START GIVEN RECORDS

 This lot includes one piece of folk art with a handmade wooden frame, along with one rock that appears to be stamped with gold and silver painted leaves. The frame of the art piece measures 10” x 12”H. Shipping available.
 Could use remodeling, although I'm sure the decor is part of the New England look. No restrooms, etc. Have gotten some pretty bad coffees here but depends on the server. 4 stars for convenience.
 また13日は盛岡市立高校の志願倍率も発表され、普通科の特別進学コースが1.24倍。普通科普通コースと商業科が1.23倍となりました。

END GIVEN RECORDS
START GIVEN RECORDS

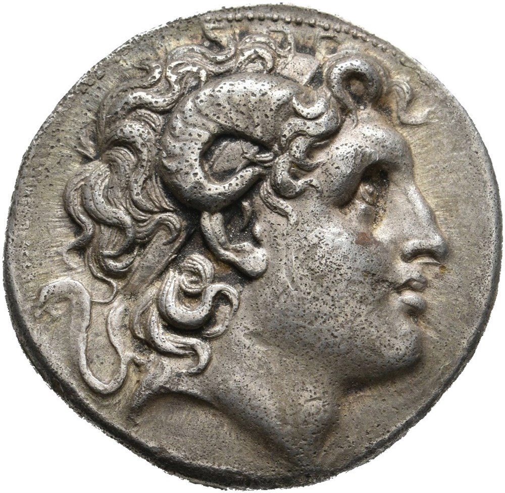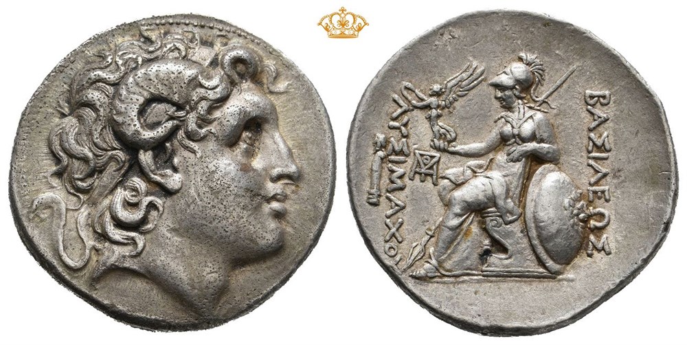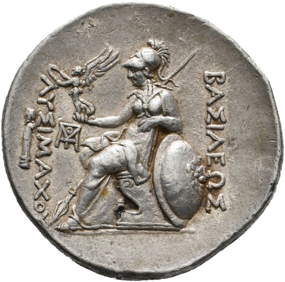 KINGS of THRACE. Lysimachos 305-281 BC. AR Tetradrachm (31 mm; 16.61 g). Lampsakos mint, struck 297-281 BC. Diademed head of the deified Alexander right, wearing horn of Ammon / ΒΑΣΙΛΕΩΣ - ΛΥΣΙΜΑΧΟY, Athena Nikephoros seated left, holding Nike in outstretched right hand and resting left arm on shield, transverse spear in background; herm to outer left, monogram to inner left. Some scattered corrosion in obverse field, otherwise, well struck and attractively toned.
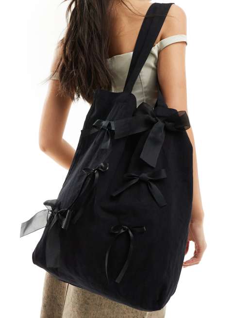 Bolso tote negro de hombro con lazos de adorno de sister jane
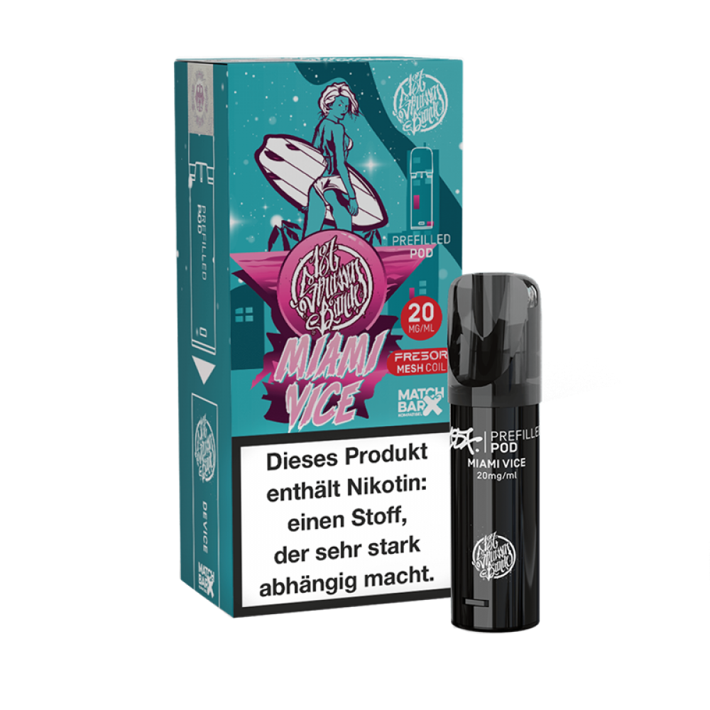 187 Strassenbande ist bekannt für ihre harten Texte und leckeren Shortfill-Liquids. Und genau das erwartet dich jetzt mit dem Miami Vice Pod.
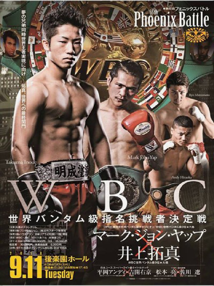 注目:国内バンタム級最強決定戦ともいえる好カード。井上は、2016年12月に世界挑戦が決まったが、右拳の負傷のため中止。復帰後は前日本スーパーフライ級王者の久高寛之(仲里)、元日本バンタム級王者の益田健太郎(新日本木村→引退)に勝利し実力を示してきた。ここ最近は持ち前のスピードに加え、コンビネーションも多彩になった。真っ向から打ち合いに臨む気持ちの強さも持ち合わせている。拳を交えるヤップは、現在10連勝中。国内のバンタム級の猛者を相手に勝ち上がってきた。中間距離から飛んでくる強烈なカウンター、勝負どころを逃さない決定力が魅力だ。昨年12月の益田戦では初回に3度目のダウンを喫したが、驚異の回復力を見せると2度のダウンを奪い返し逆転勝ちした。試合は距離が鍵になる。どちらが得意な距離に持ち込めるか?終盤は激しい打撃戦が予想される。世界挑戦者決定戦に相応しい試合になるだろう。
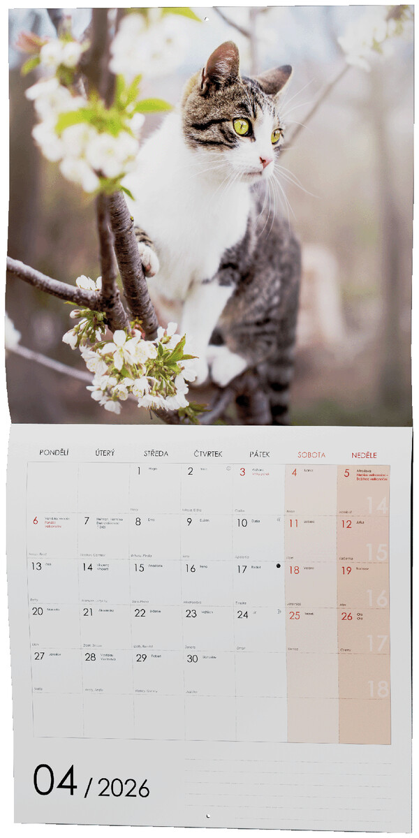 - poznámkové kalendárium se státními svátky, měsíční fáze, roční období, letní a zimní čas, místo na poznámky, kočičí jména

END GIVEN RECORDS

TO DO
In the listing above, find the line with "This lot includes" and the line with "また13日は盛岡市立高校の志"; set down exactly those two lines and every line between them, nothing more.

ANSWER TO THIS EXERCISE
 This lot includes one piece of folk art with a handmade wooden frame, along with one rock that appears to be stamped with gold and silver painted leaves. The frame of the art piece measures 10” x 12”H. Shipping available.
 Could use remodeling, although I'm sure the decor is part of the New England look. No restrooms, etc. Have gotten some pretty bad coffees here but depends on the server. 4 stars for convenience.
 また13日は盛岡市立高校の志願倍率も発表され、普通科の特別進学コースが1.24倍。普通科普通コースと商業科が1.23倍となりました。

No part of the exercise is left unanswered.